One marker of Alzheimer’s in the brain is bad news, but two spell real trouble in cognitively normal older adults, according to a paper in the September 15 JAMA Neurology. Scientists led by Reisa Sperling, Harvard Medical School, Boston, found that people with both brain amyloid and neurodegeneration performed worse on neuropsychological tests over the next three years. People who had neither biomarker improved over this time period due to practice, and people with only one biomarker improved a little—evidence of a weaker practice effect.

“This study shows that both neurodegeneration and amyloid deposition independently have an impact on global cognition, and that together they have a synergistic effect,” Gaël Chételat, INSERM-EPHE-University of Caen, France, wrote to Alzforum in an email (see full comment below). The findings also imply that practice effects could be useful for detecting subtle deterioration in people who otherwise appear healthy, wrote the authors. To Sperling, the findings suggest that people with amyloid deposition plus neurodegeneration might decline fast enough for a treatment effect on cognition to be measurable within the time span of a secondary prevention trial, but people with only amyloid deposition might not.

It is known that cognitively healthy people with brain amyloid deposition or evidence of neurodegeneration—be it hippocampal shrinkage, low glucose metabolism in certain areas, or high amounts of phosphorylated tau in the cerebrospinal fluid—are likelier to decline cognitively than people with just one biomarker (see Knopman et al., 2012Desikan et al., 2012Vos et al., 2013). Researchers disagree about whether these markers act independently (see Chetelat, 2013Knopman et al., 2013). Sperling and colleagues wanted to probe this question in cognitively normal people.
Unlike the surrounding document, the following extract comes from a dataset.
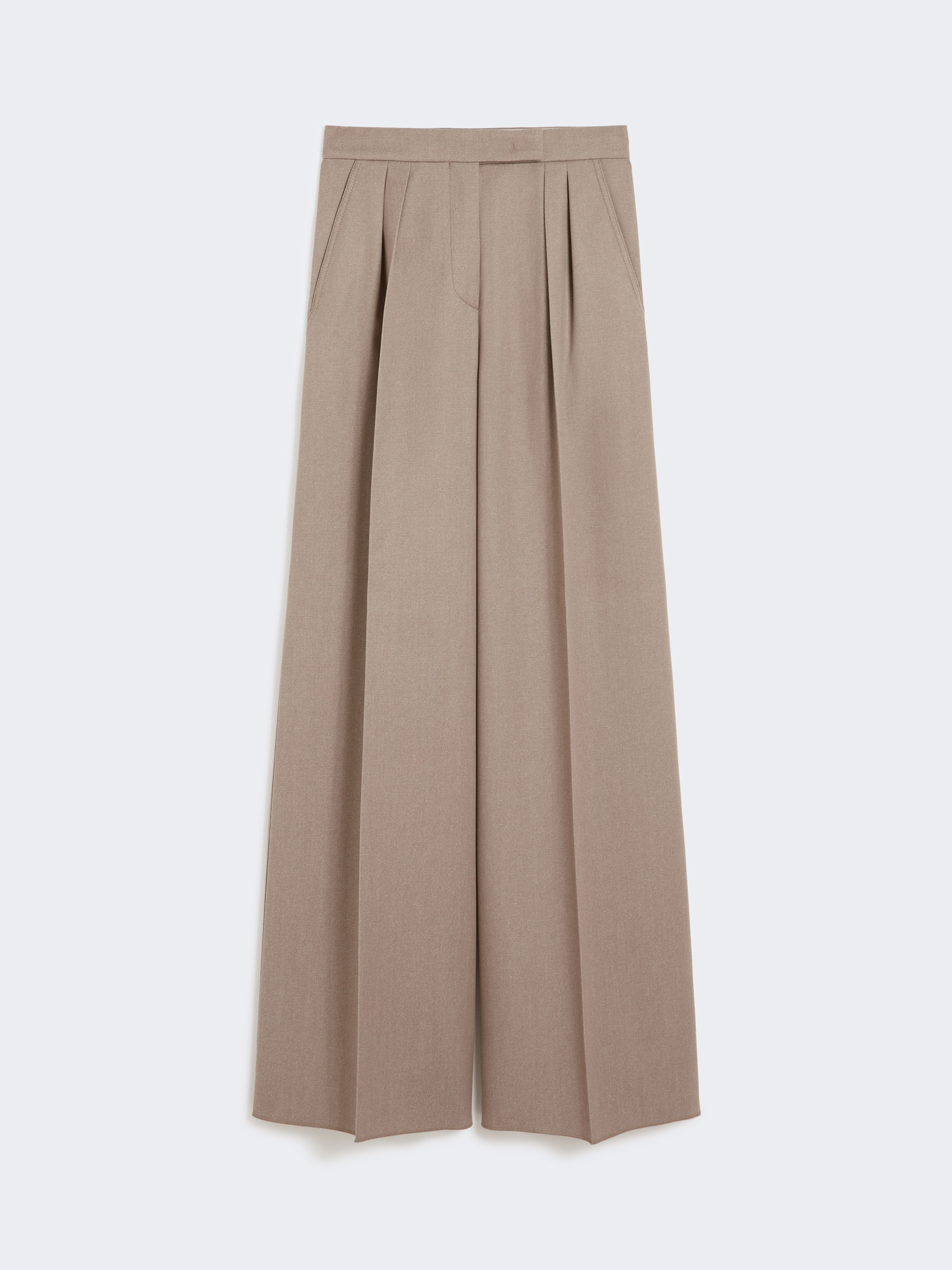 DETAILS Menswear-style trousers with double pleats on the front waist. Pure wool fabric trousers Wide leg Fastening with a wide waistband tab, zip fly and small hook Slant pockets at the sides Trouser crease COMPOSITION AND CARE 100% virgin wool. Do not wash; do not bleach; do not tumble dry; cool iron; professionally dry clean perchloroethylene - mild process; do not wet clean.; protect buttons before washing. Distributed by Max Mara S.r.l., registered office in Reggio Emilia (Italy), Via Giulia Maramotti 4, 42124 (IT)

They also wanted to test whether they could pick up evidence of cognitive decline over two to three years. Secondary prevention trials for Alzheimer’s disease, such as A4 (see Sep 2013 news story) may be too short to use clinical progression as an endpoint, first author Beth Mormino explained.

The researchers enrolled 166 cognitively normal participants from the Harvard Aging Brain Study. Their median age was 74. All scored in the normal range on neuropsychological tests such as the Mini-Mental State Examination (MMSE), Clinical Dementia Rating Scale, and Geriatric Depression Scale. To distinguish those who were positive or negative for amyloid deposition, the researchers used positron emission tomography with Pittsburgh Compound B. To identify neurodegeneration, they measured reduced glucose metabolism with FDG-PET, and hippocampal atrophy by volumetric MRI. Participants with either were deemed positive for neurodegeneration. 
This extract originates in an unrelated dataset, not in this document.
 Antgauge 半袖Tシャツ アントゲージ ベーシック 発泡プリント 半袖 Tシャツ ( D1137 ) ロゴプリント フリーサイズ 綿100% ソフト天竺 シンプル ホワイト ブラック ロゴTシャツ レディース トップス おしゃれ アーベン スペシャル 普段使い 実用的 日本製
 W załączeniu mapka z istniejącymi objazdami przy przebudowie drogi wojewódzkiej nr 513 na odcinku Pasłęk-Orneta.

The cohort fell into four groups: 81 participants with neither amyloid nor neurodegeneration; 19 with amyloid only; 28 with both; and 38 for neurodegeneration without amyloid. These groups correspond to the proposed new staging method for preclinical AD, and represent Stages 0, 1, 2, and what some scientists call  “suspected non-AD pathophysiology,” aka SNAP (see Sperling et al., 2011; Jack et al., 2012). Over the following two to four years, everyone completed annual cognitive tests, including the Logical Memory delayed recall, Selective Reminding Test delayed recall, Face-Name Associative Memory Exam, Trail Making Tests A and B, Digit Symbol Substitution Test, and the MMSE. Scores were rolled into a global composite.

Improvement from year to year, or lack thereof, best distinguished the groups. These practice effects arise on repeat testing as a person becomes familiar with the questions, grows more comfortable taking the test, or remembers information from previously sittings. Stage 2 participants did worse as time went on, while stage 1 participants improved somewhat, but less than stage 0 participants.

The study “support[s] the hypothesis that evidence of both fibrillar amyloid deposition and neurodegeneration is associated with an even greater rate of subsequent cognitive decline,” Eric Reiman, Banner Alzheimer's Institute, Phoenix, wrote to Alzforum in an email (see full comment below). He said that larger cohorts should be followed for longer periods to further clarify how well these biomarkers predict deterioration and clinical progression. 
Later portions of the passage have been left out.